The study, which monitored more than 500 men over a six-month duration, revealed significant differences between the experimental drug and a placebo. Participants taking the new medication once or twice daily gained between 30 and 33 additional hairs per square centimeter of scalp. In contrast, men in the control group who received an inactive substance saw only a seven-hair increase during the same timeframe.

Beyond the raw numbers, the visual impact was substantial. Between 79 and 86 percent of men using the experimental drug reported visible improvements, compared to just 35 percent of those on the placebo. Furthermore, researchers noted that these positive changes appeared as early as two months after beginning the regimen.

Dr. Michael Gold, a dermatologist who served as an investigator in the trial, highlighted the historical context of these findings. He noted that the field has long relied on a cardiology drug adapted for hair loss without a formulation specifically intended for patients. "VDPHL01 is the first oral minoxidil formulation developed specifically for pattern hair loss, and now the first to generate positive Phase 3 results of efficacy and safety," Gold stated.

This development could mark a major shift for Americans facing thinning hair. Statistics show that roughly 40 percent of men experience hair loss by age 40, and nearly all men will face it at some point. For women, the lifetime prevalence is approximately one-third. Consequently, the market for solutions like supplements and surgeries is massive, with Americans spending an estimated $3.5 billion annually on treatments that doctors say can slow the process.

Current options are limited and often require strict medical oversight. The FDA currently approves oral minoxidil only in doses up to 5 milligrams, with most men starting at 1 milligram and gradually increasing. While hair transplants and the drug finasteride are also used, the new pill VDPHL01 contains 8.5 milligrams of minoxidil in an extended-release format.

The potential regulatory impact of this new drug is significant. Veradermics suggests that if successful, VDPHL01 could become the first FDA-approved oral pill for hair loss in nearly 30 years. However, the path forward involves navigating existing regulations and ensuring safety, as higher doses of minoxidil present different considerations than those currently on the market.

Regulatory warnings now indicate that every 1mg increase in dosage raises cardiovascular risks by five percent. This specific rise correlates with dangerous side effects like irregular heartbeats or dangerously high blood pressure.

A 2020 study involving thirty Thai men taking 5mg of minoxidil for six months showed a gain of 35.9 hairs per square centimeter. Veradermics stated their drug remained generally well tolerated with no recorded serious cardiac events or treatment-related reactions.

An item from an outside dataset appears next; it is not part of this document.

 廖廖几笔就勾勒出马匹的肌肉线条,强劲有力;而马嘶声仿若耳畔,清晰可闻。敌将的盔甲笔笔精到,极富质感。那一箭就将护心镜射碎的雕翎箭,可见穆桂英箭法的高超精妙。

Overall, approximately 40 percent of patients in both experimental and placebo groups experienced at least one adverse event. About 5 percent of those receiving the experimental minoxidil developed peripheral edema, causing swelling in legs, ankles, feet, or hands.

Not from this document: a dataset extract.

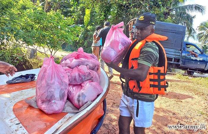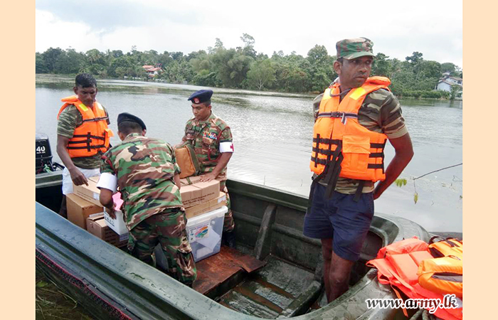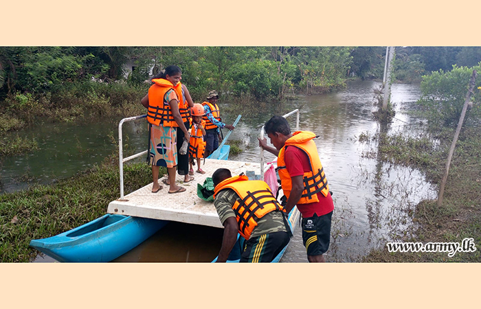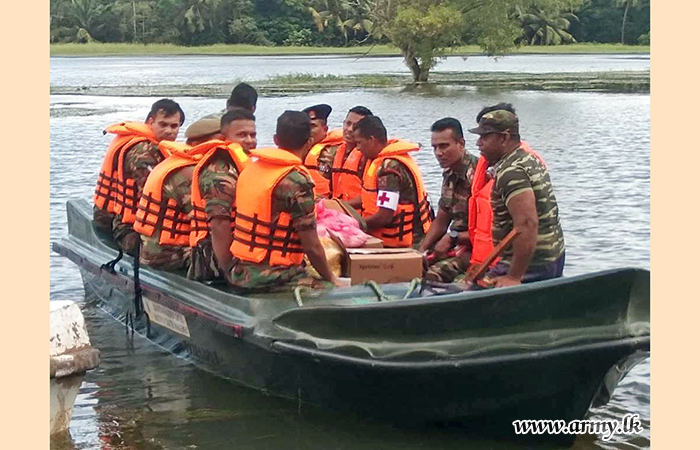 Meanwhile, 61 Infantry Division troops together with 9 Sri Lanka Sinha Regiment troops continues flood relief operations at Aththudawa, Nariduwa and Naimbala areas by providing transport facilities by boats and military vehicles.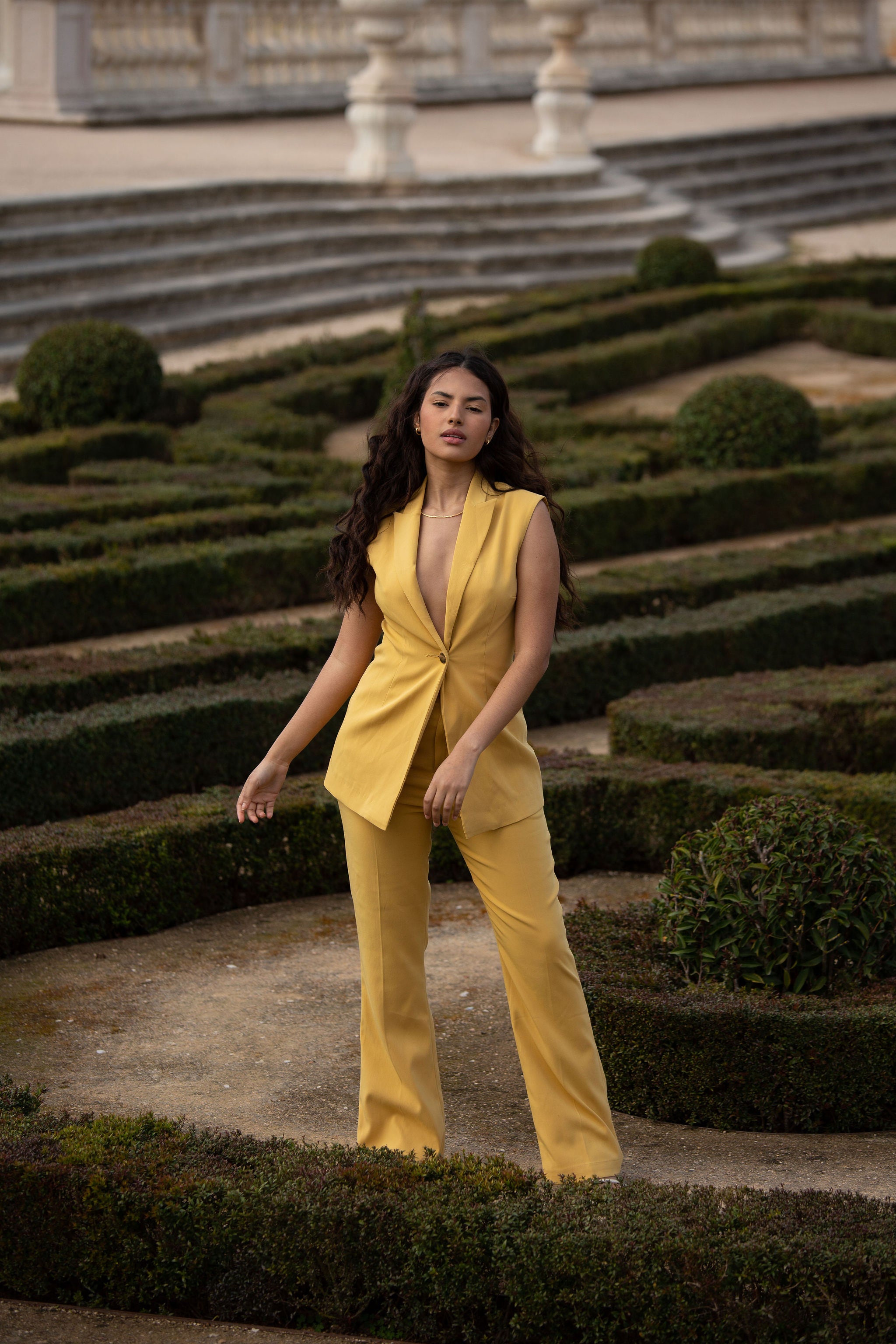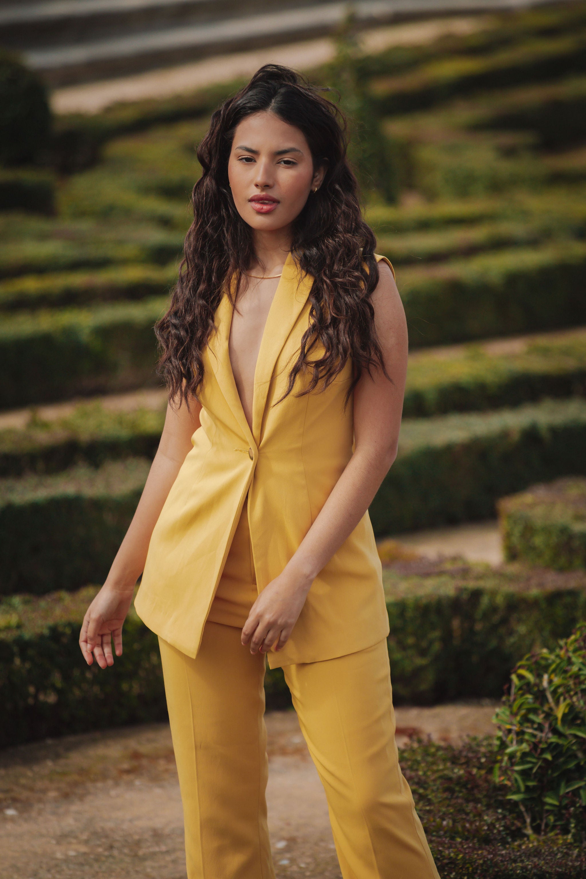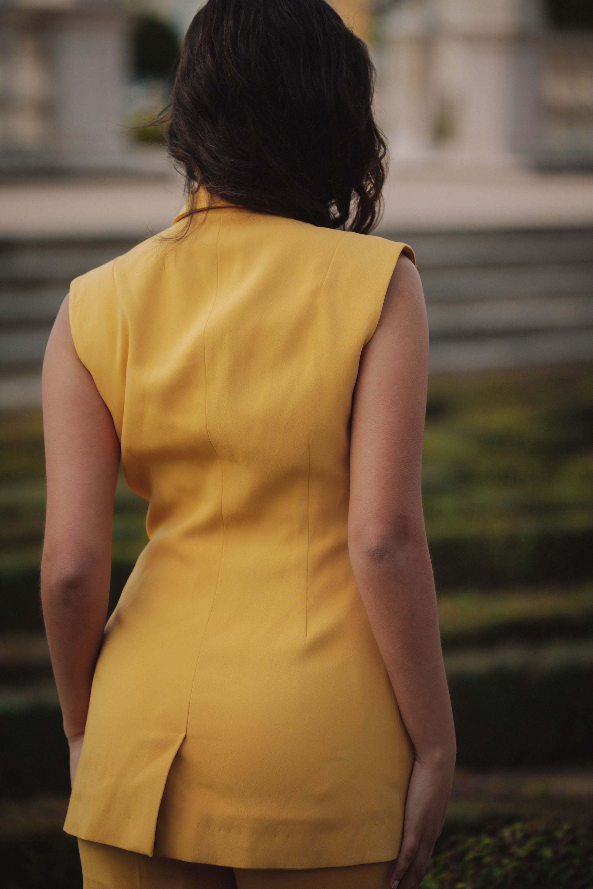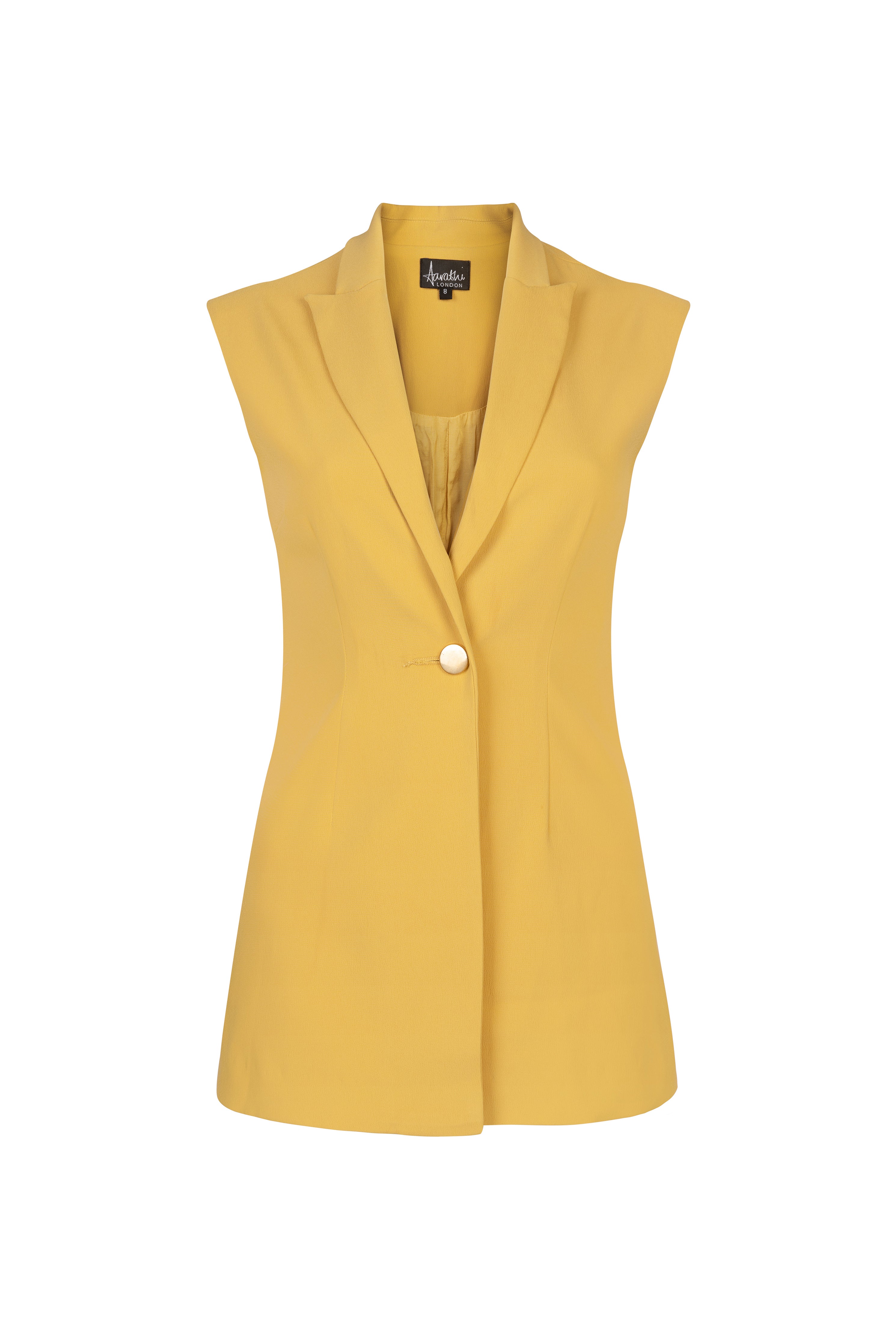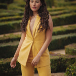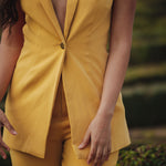 A statement piece for sure! Brighten up any outfit with this sunny yellow Sandy Sleeveless Blazer. Tailored to perfection, it’s a great blend of versatile and stylish.This piece will take you from day to night.

A similar 5 percent of patients also suffered from hypertrichosis, resulting in unwanted hair growth on areas beyond the scalp. Four of the 346 patients in the experimental group discontinued use entirely due to these specific side effects.

Current prescription labels warn that 7 percent of patients experience edema, while 80 percent face hypertrichosis within three to six weeks. Minoxidil functions by relaxing blood vessels to boost nutrient and oxygen supply to follicles, triggering hair regrowth.

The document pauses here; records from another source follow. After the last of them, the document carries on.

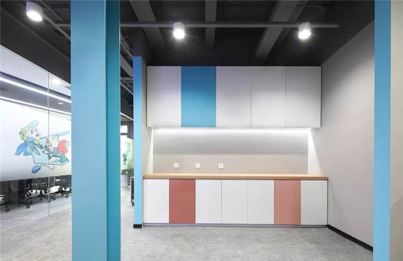吊柜打破了傳統(tǒng)的平開門形式,使用開放的彩色盒子,實(shí)用兼裝飾功能。另外設(shè)計(jì)師還根據(jù)層高差,在茶水區(qū)頂部設(shè)計(jì)三角形格柵,茶水柜上方及背景墻后方,點(diǎn)綴綠植,使整個(gè)空間富有生態(tài)氣息,在光影的效果呈現(xiàn)別樣風(fēng)采。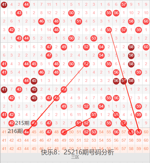 三区间41-60号码球走势,如下图: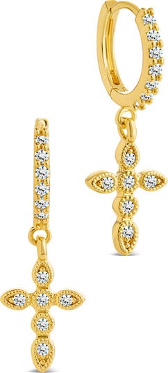 Dainty cubic zirconia stones shimmer over cut-textured hoop and cross drop earrings in a fine 14-karat gold-plate finish.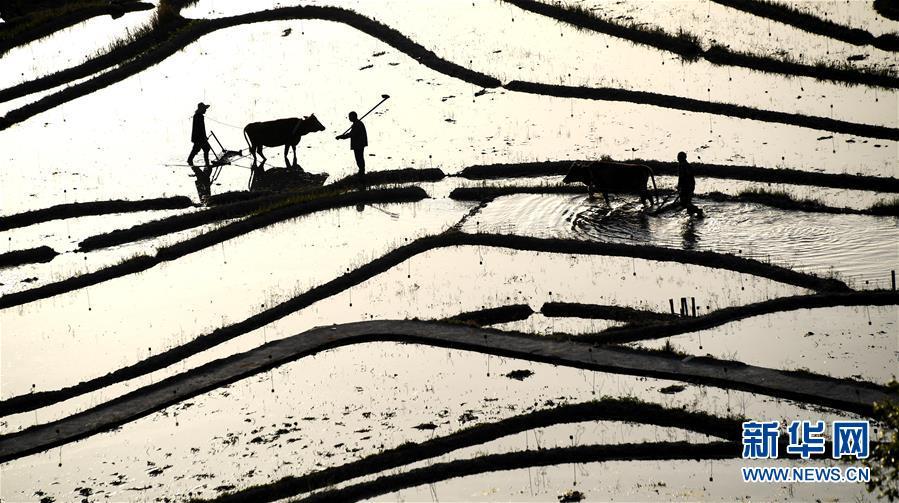 4月10日清晨,湖北省蘄春縣霧云山村的農(nóng)民在梯田勞作。 在即將過去的2018年,各地?cái)z影師用鏡頭記錄下四季中國。大江南北,一幅幅色彩斑斕的美麗畫卷徐徐展開。 新華社記者 程敏 攝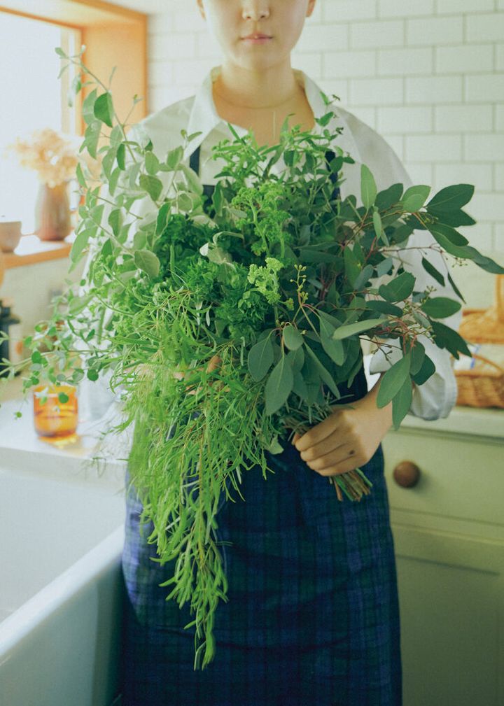 『ル・ベスべ』の松岡龍守さんが選んでくれた今月の花は、3種のユーカリ。向かって右の大きな葉はポポラス ベリー、左下へ流れる細葉のニコリー、左奥に覗く丸い葉のグニー。中央のバラ オリエンタルエクレール、ゼラニウム、左上に伸びるグミの葉と合わせて、グリーンの葉と花のみのブーケに。「さっぱりとした香りで、キッチンに飾りやすいユーカリ。近年は鉢植えや庭木でもよく見かけますし、国内で様々な品種に出合えるようになりました。グリーンだけを生けるのは難しく感じるかもしれませんが、グラデーションを意識するときれいにまとまりますよ」(ル・ベスべ 03−5469−5438) エプロン¥7,590(フォグリネンワーク 03−5432−5610) シャツ¥46,200(マーガレット・ハウエル 03−5785−6445) その他スタイリスト私物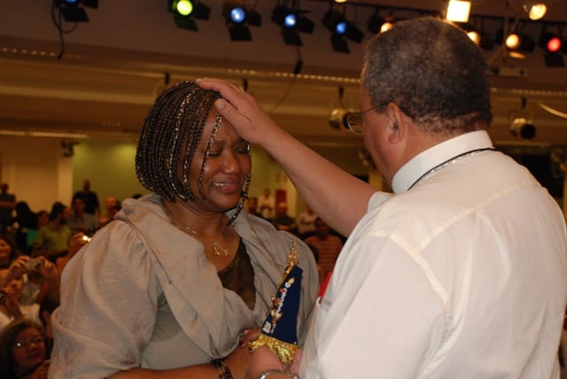 Os participantes do 2º Encontro Nacional da Pastoral da Comunicação, que acontece em Aparecida (SP), receberam, nesta quinta-feira, 22, o ator Eriberto Leão e a instrutora de dramaturgia, Iris Gomes, ambos da Rede Globo, além de Mercedes, mãe da atriz Taís Araújo. Eles foram convidados para falar durante o evento sobre a produção e a representação na telenovela.

More than 80 percent of men using the drug reported noticeable improvement in hair loss. Veradermics believes these results could make the new drug the first FDA-approved oral pill in nearly thirty years.

Phase 3 trials and subsequent FDA approval are still required before VDPHL01 reaches pharmacy shelves. The company has not disclosed potential pricing for this new treatment option.

Dr. Maryanne Senna, a dermatologist on Veradermics' scientific advisory board, noted the drug's transformative potential. She stated that an oral therapy improving hair loss for nearly 80 percent of patients sits in a familiar class for dermatologists.

She further argued that such a treatment has the capacity to transform the entire landscape for male pattern hair loss. Veradermics claims this could serve as a best-in-indication option for fifty million men suffering from pattern hair loss.